Montag, den 14. September 2020

Jannik liebt es, Musik zu machen. Er kann richtig gut Klavier spielen, er nutzt dafür die Schulpausen. Und er hat bald auch einen Zuhörer: Tai. Die beiden 17-Jährigen werden Freunde. Jannik, der Jugendliche, der sich selbst etwas dicklich findet und eher unscheinbar ist und der von seinen Eltern genervt ist. Und Tai, ebenfalls Außenseiter, Sohn vietnamesischer Eltern und immer mit einer Kamera unterwegs. Tai filmt alles und jeden, auch Jannik beim Klavierspielen.
Schuldirektor Jens Lamprecht wacht unterdessen nach einer wilden Sauftour in seiner Wohnung in Berlin-Mitte auf. Und ist gefangen in seinen eigenen vier Wänden. Tagelang. Scheinbar wird er überwacht, der Entführer meldet sich per Schriftnachrichten über den Laptop.
Was Lamprecht nicht weiß: Tai hat dafür gesorgt, dass der Direktor gefangen ist, und Jannik ist sein Komplize.

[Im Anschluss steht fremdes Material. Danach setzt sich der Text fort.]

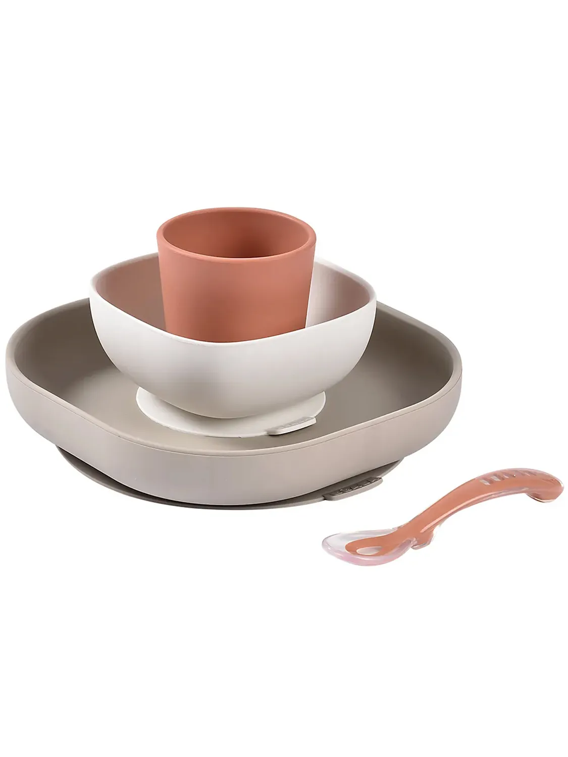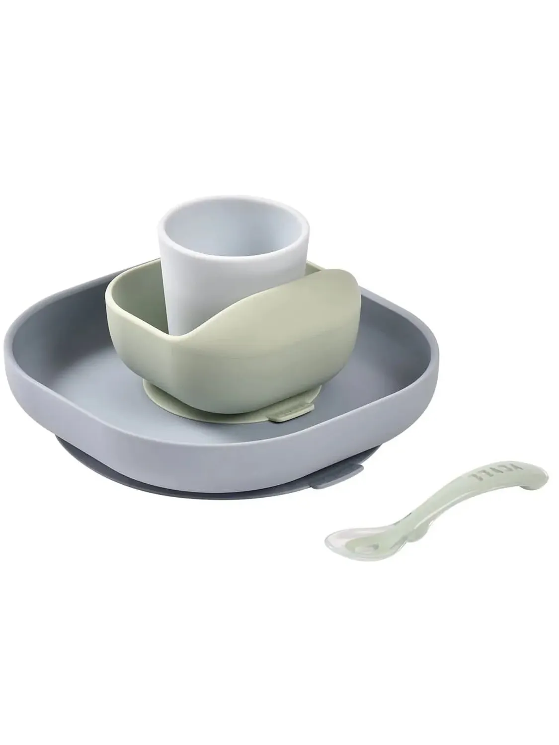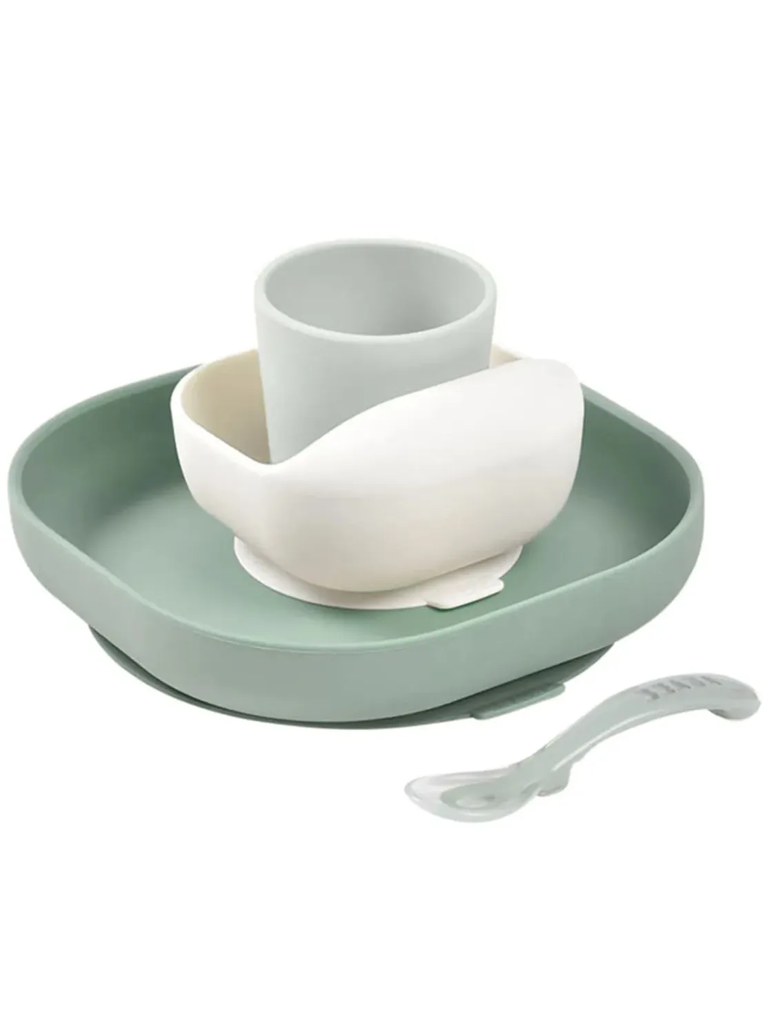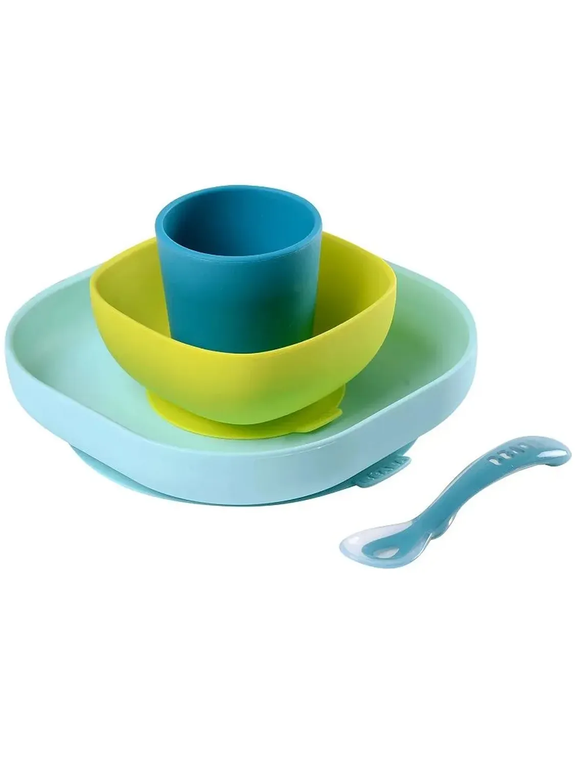 Набор посуды Beaba: 2 тарелки, стакан, ложка, силикон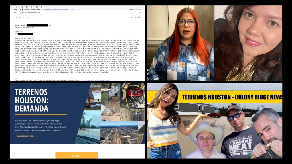 Mucho antes de que su caso llegara a audiencias legislativas o demandas judiciales, las hermanas tomaron otra decisión: crearon una página web llamada Terrenos Houston Demanda. No lo hicieron como activistas profesionales ni como líderes visibles, sino como compradoras que necesitaban entender qué les estaba pasando. A partir de ahí comenzaron a llegar testimonios: personas que se sentían identificadas, engañadas, estafadas; compradores que decían vivir situaciones similares pero que no se atrevían a hablar por miedo —al crédito, a perder lo poco que tenían, o a las consecuencias migratorias.

Er zieht Jannik in die Sache rein – Jannik, der sich in Tai verknallt hat.

“Nackt über Berlin” heißt der wunderbare Roman von Axel Ranisch. Er hat einen Roman über das Erwachsenwerden geschrieben. Darüber, dass man sich hin und wieder auch mal durchsetzen muss, Widerstände leisten muss, seinen eigenen Weg gehen muss.
Erzählt wird einerseits die erschütternde Geschichte eines Mädchens, das sich in einen Lehrer verliebt. Beim Theaterworkshop in Flecken-Zechlin muss etwas passiert sein, was nicht bekannt werden soll. Und andererseits geht es um Jannik, der sein Leben endlich in den Griff kriegen will und rausfinden will, was er von Tai zu erwarten hat.
Axel Ranisch hat das alles in Worte gegossen, sich sich richtig gut lesen lassen. Man ist ganz schnell drin im Geschehen. Warum der Ullstein-Verlag den Roman aber “brüllend komisch” findet, wie es im Text über “Das Buch” steht, ist unklar. Brüllend komisch ist der Roman nämlich nicht. Dafür aber sehr spannend, ja, auch mal lustig, aber auch rührend und traurig – und schließlich Mut machend und sehr lebensbejahend. Ein echter Highlight-Roman.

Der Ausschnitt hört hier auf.